→ **Task input**
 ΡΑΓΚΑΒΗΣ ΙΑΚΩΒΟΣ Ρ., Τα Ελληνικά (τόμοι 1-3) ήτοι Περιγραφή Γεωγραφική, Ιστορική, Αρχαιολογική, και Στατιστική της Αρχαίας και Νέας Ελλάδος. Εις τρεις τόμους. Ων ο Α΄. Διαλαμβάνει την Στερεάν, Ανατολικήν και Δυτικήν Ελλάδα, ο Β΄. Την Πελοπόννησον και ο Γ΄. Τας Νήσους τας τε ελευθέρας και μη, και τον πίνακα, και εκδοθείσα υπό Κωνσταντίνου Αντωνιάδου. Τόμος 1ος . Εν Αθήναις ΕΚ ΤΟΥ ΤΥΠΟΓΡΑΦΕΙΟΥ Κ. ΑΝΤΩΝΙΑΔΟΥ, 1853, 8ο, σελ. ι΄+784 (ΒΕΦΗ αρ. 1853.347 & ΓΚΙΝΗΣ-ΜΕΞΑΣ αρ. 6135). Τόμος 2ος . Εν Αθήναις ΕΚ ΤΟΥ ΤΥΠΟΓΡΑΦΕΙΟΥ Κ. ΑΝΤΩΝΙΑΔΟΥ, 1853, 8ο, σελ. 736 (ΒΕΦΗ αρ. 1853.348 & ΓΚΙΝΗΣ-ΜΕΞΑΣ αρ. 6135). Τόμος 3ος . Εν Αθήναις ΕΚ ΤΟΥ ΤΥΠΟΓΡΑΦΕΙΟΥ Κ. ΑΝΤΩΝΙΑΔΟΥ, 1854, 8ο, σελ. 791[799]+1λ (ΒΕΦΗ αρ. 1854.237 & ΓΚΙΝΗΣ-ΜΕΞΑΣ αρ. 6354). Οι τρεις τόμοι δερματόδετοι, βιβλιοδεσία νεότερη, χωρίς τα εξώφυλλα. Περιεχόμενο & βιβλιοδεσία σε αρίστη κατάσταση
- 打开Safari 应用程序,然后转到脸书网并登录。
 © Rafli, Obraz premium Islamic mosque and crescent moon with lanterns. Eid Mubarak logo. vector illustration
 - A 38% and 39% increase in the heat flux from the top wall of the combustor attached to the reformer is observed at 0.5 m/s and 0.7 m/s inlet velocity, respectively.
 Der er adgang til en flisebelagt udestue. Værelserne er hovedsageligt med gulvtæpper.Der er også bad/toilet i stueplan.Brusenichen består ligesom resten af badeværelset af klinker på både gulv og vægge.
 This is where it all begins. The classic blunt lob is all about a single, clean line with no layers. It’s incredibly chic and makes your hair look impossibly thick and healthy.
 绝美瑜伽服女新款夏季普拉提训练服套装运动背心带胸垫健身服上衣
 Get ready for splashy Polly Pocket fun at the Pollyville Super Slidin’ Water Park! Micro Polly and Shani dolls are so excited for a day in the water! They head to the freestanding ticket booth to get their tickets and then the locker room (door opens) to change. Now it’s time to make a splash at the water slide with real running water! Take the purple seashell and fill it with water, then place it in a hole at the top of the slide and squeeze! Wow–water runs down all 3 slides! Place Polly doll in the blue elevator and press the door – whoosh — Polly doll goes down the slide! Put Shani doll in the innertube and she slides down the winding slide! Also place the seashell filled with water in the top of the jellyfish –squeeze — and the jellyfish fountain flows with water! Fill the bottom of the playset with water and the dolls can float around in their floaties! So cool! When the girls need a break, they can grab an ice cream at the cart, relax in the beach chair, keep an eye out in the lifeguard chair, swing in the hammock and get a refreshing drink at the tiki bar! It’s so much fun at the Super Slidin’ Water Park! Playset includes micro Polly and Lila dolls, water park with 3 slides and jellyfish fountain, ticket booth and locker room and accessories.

→ **What you need to do**
Only a number is expected in response: how many lines of the records above include the word "with".

→ **Reply**
3